◆ **Task brief**
Repeat the data exactly. Pictures are not part of the copy.

───── Dataset section

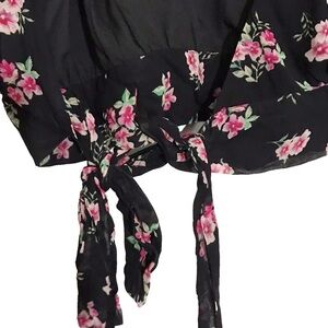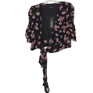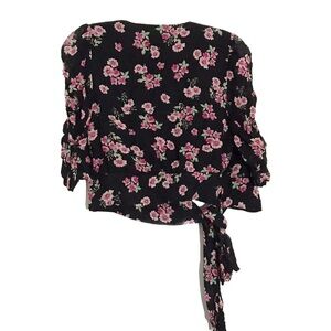 Brand new Yumi Kim Tie-Front Floral Crop Top. This floral print crop top is styled with a puff sleeve and fastened with a cute tie front detail. V-neck. Three-quarter puff sleeves. Elasticized cuffs. Pullover style. Button front with self tie.
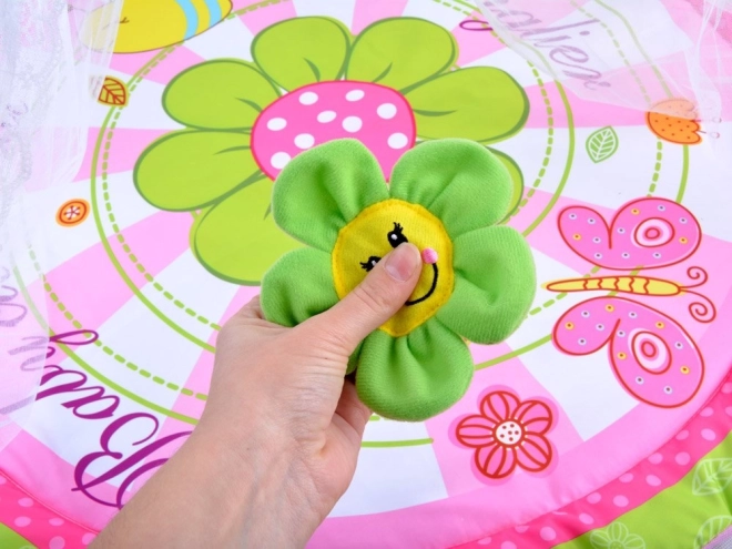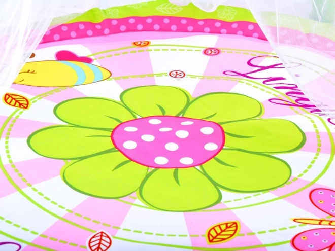 Die Baby-Spielmatte ist so konzipiert, dass sie einen sicheren und bequemen Spielplatz für Ihr Kind schafft. Ihre leuchtenden Farben und das weiche Material sind ideal für tägliches Spielen oder Entspannung. Die Matte ist mit Bögen mit Blumen und einem Moskitonetz ausgestattet, die vor Insekten schützen und die Attraktivität für Kinder erhöhen.
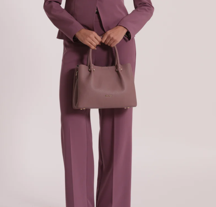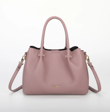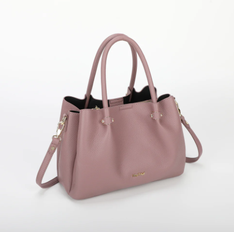 Bolso de mano con tres compartimentos, dos con cierre click y uno central con cremallera, asa larga para bandolera, bolsillo interior.

──────────

◆ **Output**
 Brand new Yumi Kim Tie-Front Floral Crop Top. This floral print crop top is styled with a puff sleeve and fastened with a cute tie front detail. V-neck. Three-quarter puff sleeves. Elasticized cuffs. Pullover style. Button front with self tie.
 Die Baby-Spielmatte ist so konzipiert, dass sie einen sicheren und bequemen Spielplatz für Ihr Kind schafft. Ihre leuchtenden Farben und das weiche Material sind ideal für tägliches Spielen oder Entspannung. Die Matte ist mit Bögen mit Blumen und einem Moskitonetz ausgestattet, die vor Insekten schützen und die Attraktivität für Kinder erhöhen.
 Bolso de mano con tres compartimentos, dos con cierre click y uno central con cremallera, asa larga para bandolera, bolsillo interior.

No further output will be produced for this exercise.